Her insides turned to jelly as a
particularly loud crash seemed to lift the very strakes she was
sitting on. She was bounced from the bulwark into the piles of
sail, dislodging one of the thick bales and sending it tumbling to
the floor. Eva no sooner reclaimed her heart from her throat when
the door to the locker slammed open and a body fell through,
landing in a sprawl across her feet. It was one of the crewman. He
had been injured on deck and was being helped below by one of his
mates. When the shot struck the hull, both had been flung off
balance.
The injured man let out a scream when he
fell and Eva was hard-pressed not to do the same as the front of
her shirt was spattered red. Blood was gushing from a deep slash
down the side of his throat where some flying debris had cut him
and Eva, acting purely on instinct, reached over and clamped her
hand over the wound to staunch the flow. By then the second crewman
had recovered his footing and was standing in the doorway, staring
down at her in surprise.
The two stared at each other for what seemed
like half an eternity, each imagining their own little horror—one
finding himself in the company of the ship's supposed jinx, the
other finding herself alone and without the captain's protection.
In reality it was only a few seconds before the crewman gave his
scraggly forelock a tug and reached down to pull his fallen comrade
to his feet again.
"Beg pardon, Miss. Lost me grip when the
ship were hit. Poor Alf, here, 'ee looks done for anyroad. 'Ee
know'd it too an' asked me to take 'im to the surgery so 'ee could
pass with the taste o' rum on 'is lips."
"You mustn't move him!" Eva cried, holding
the young crewman off with one hand while she kept the other
pressed tight over the injured man's throat. "The wound is deep but
I don't believe it is mortal. See how my fingers have stopped the
flow? If the life vein had been cut, there would be no stopping
it."
"Eh? Ye know doctorin'?"
"No. No, but I... I have helped out a time
or two at the naval hospital in Portsmouth."

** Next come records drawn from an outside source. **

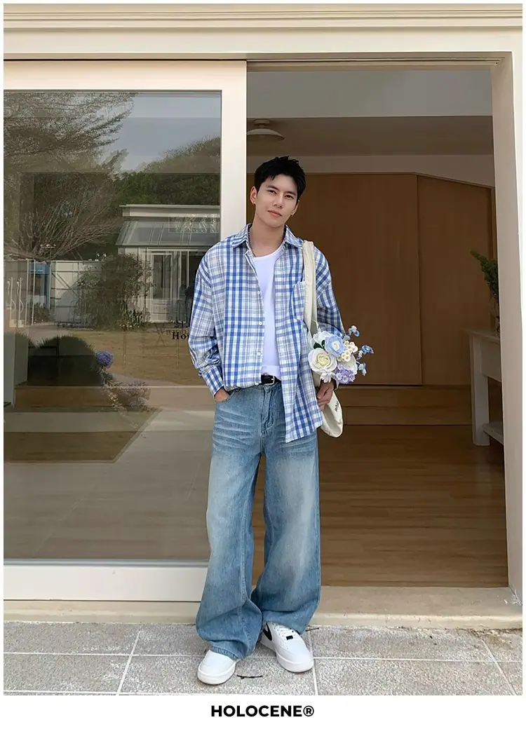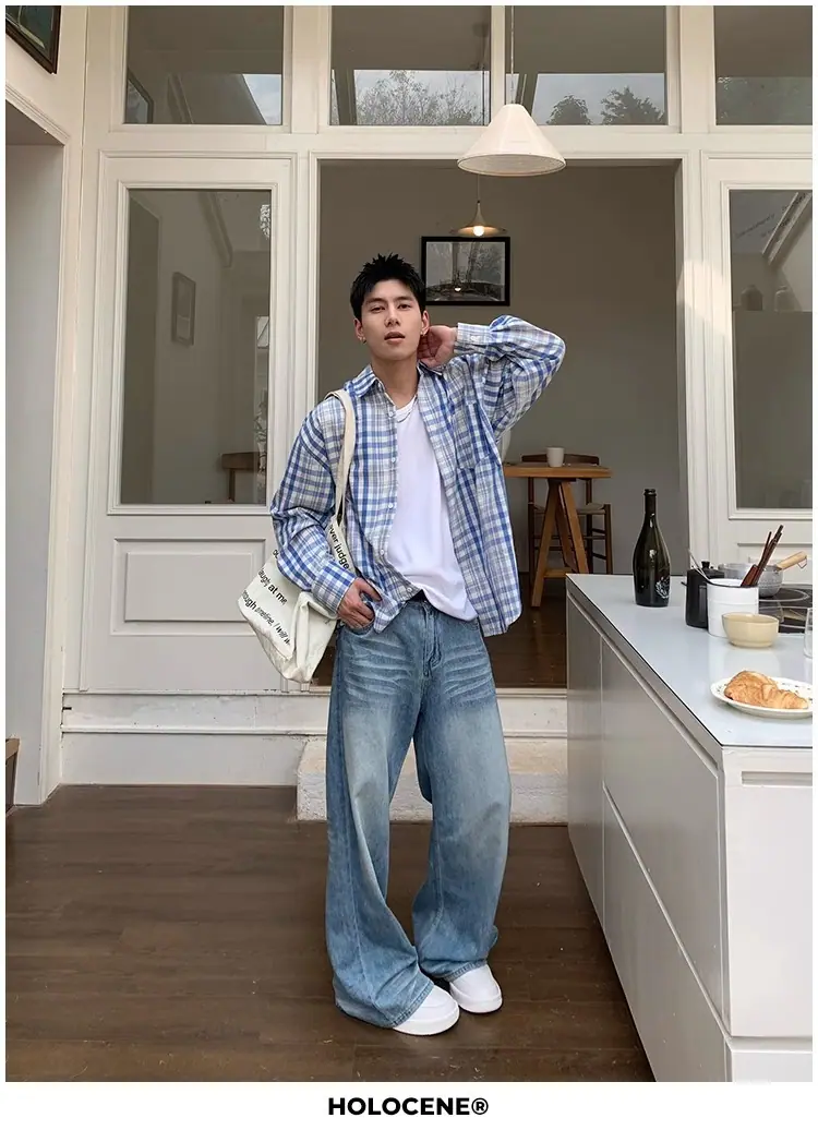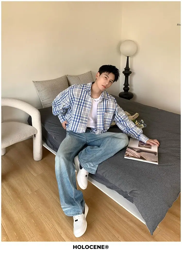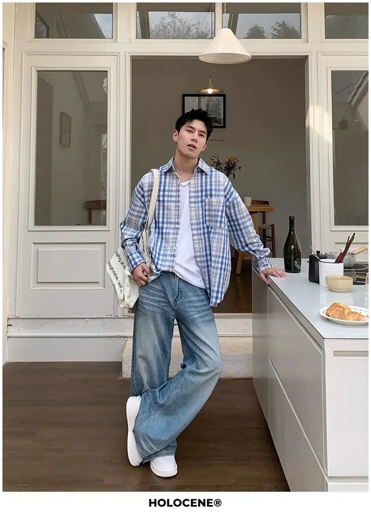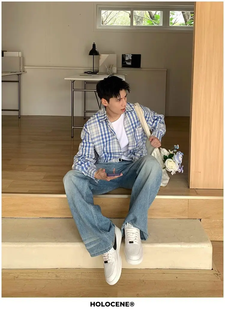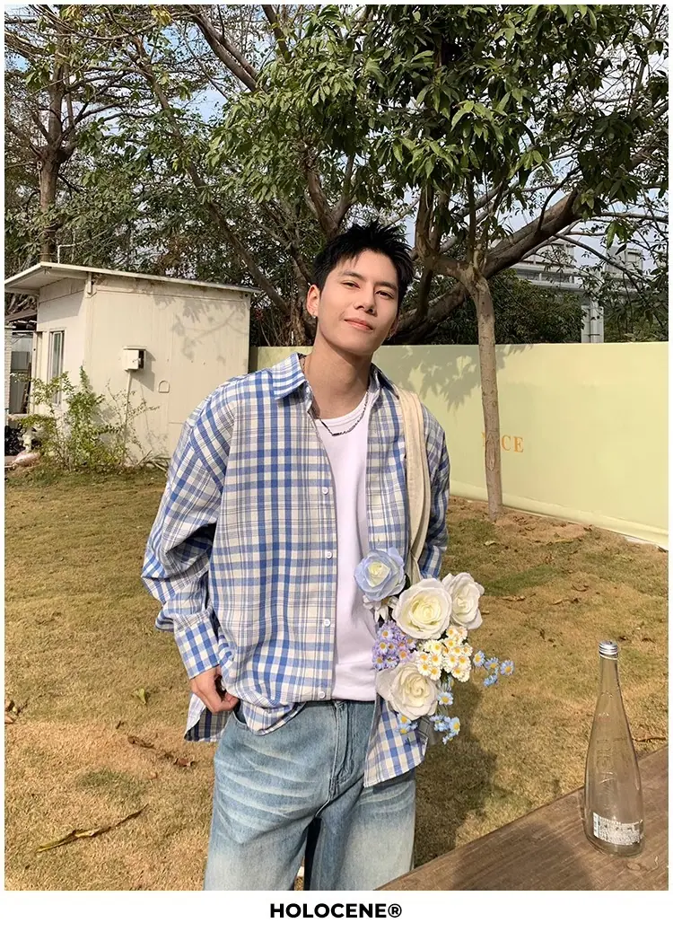 Camisa de Manga Larga a Cuadros con Bloques de Color Retro Americano para Hombre Primavera y Otoño 2025 Nueva Tendencia Marca Camisa Holgada Casual Perezosa
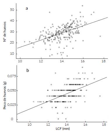 En el periodo de aguas descendentes (septiembre-noviembre) se registró un gran número de hembras de M. reyesi ovadas (n = 223). Los promedios de LCF, LT y P fueron mayores para hembras ovadas en comparación con las no ovadas, y se evidencia que las hembras alcanzan la madurez sexual al llegar a una longitud mínima total de 22 mm (Tabla 4, Fig. 5). Igualmente, se registró una variación grande entre el número (8-54, media = 29,13) y peso (0,01-0,09, media = 0,044 g) de los huevos. Lo anterior posiblemente se deba a que el tamaño de las hembras (LCF) mostró una relación positiva con el número (Spearman; P<< 0,01, R 2 = 0,57) y peso (Spearman; P << 0,01, R 2 = 0,56) de los huevos (Fig. 6), lo que sugiere que a medida que las hembras adquieren mayor tamaño su fertilidad también aumenta.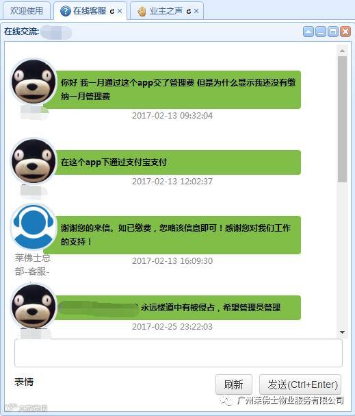 莱佛士物业APP[在线客服]功能,实现客服与业户的在线沟通,及时解决相关问题。业户有相关问题需要物业帮助时,您再也不用专程跑去管理处啦啦啦啦啦。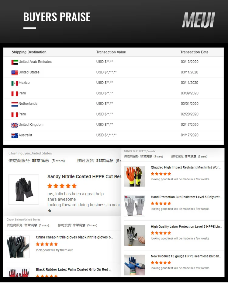 Glass cutting, sheet metal and sharp small parts handling, parts assembly, general duty, construction, etc Anti cut Level 5 latex coated glove 13gauge nylon/HPPE with glass fiber liner and Lycra Latex palm coating Excellent flexibility and fit, high level of anti-cut Washable, resistant to chemicals, water, and ultraviolet light Color as customer need Size : 8/M,9/L,10/XL Package:12 pairs/polybag, 120 pairs/carton | ||||||||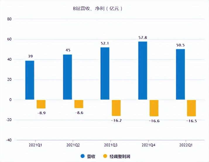 刚刚过去的2022年一季度,B站的经调整净亏损并未缩小,且营收环比还有下降,而在同比维度上,更多的营收伴随着更多的亏损,并没有改善。
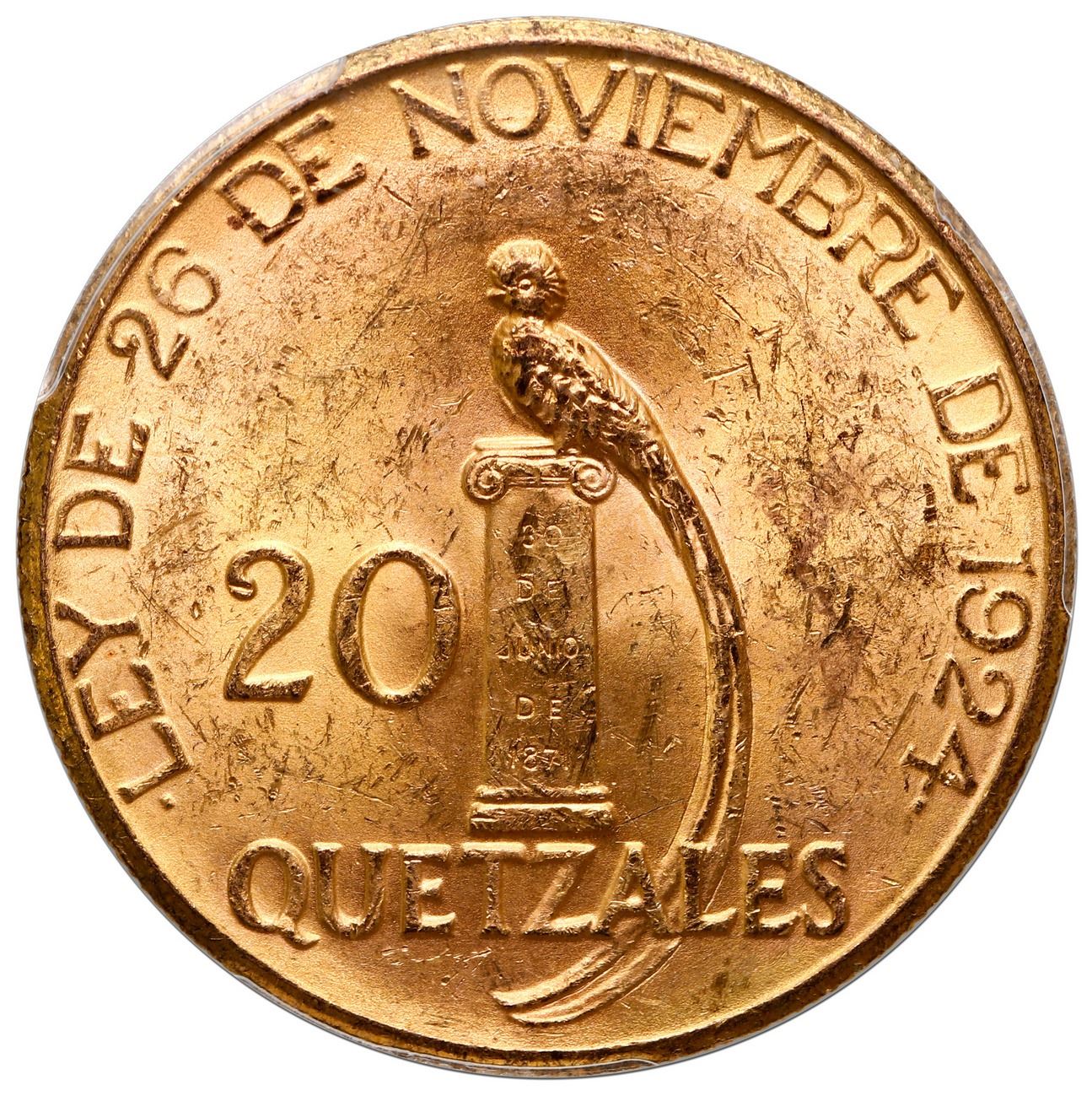 Guatemala (struck at the Philadelphia mint), gold 20 quetzales, 1926, PCGS MS63.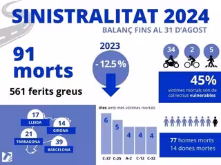 La sinistralitat s'ha reduït a la majoria de les demarcacions respecte del 2023: Barcelona amb 39 víctimes, Tarragona amb 21 i Girona amb 14.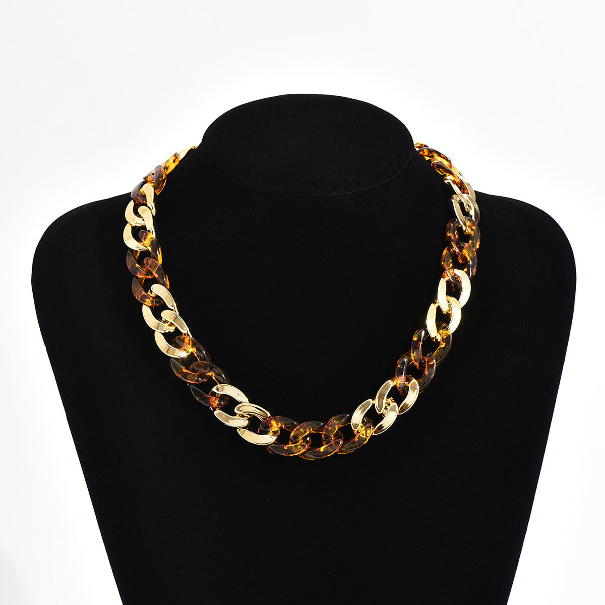 Simple Geometric Acrylic Necklace and Color Block Earrings Set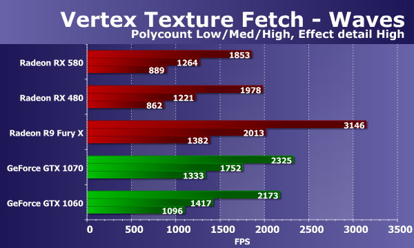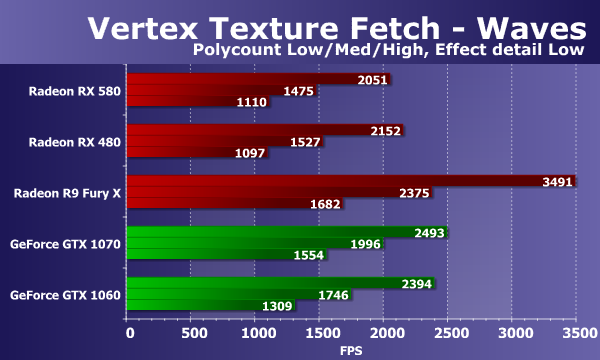 Рассмотрим результаты второго теста текстурных выборок из вершинных шейдеров. Тест «Waves» отличается меньшим количеством выборок, зато в нем используются условные переходы. Количество билинейных текстурных выборок в данном случае до 14 («Effect detail Low») или до 24 («Effect detail High») на каждую вершину. Сложность геометрии изменяется аналогично предыдущему тесту.

The crewman clenched his hands to fight back
the tears in his eyes. "Alf is me brother. Only family I got. An'
'ee's me best friend. We been wi' Cap'n Dante nigh on ten years. If
ye think ye could save 'im...?"
Eva looked at the man on the floor again and
realized the two were twins.
"You said you were taking him to the
surgery?"
"Aye, Miss. Cabin aft. Doc Podd does best
'ee can wi' a saw an' hot irons an' when 'ee sees them goin’, ‘ee
makes it easier an’ gives 'em a full pint o' rum."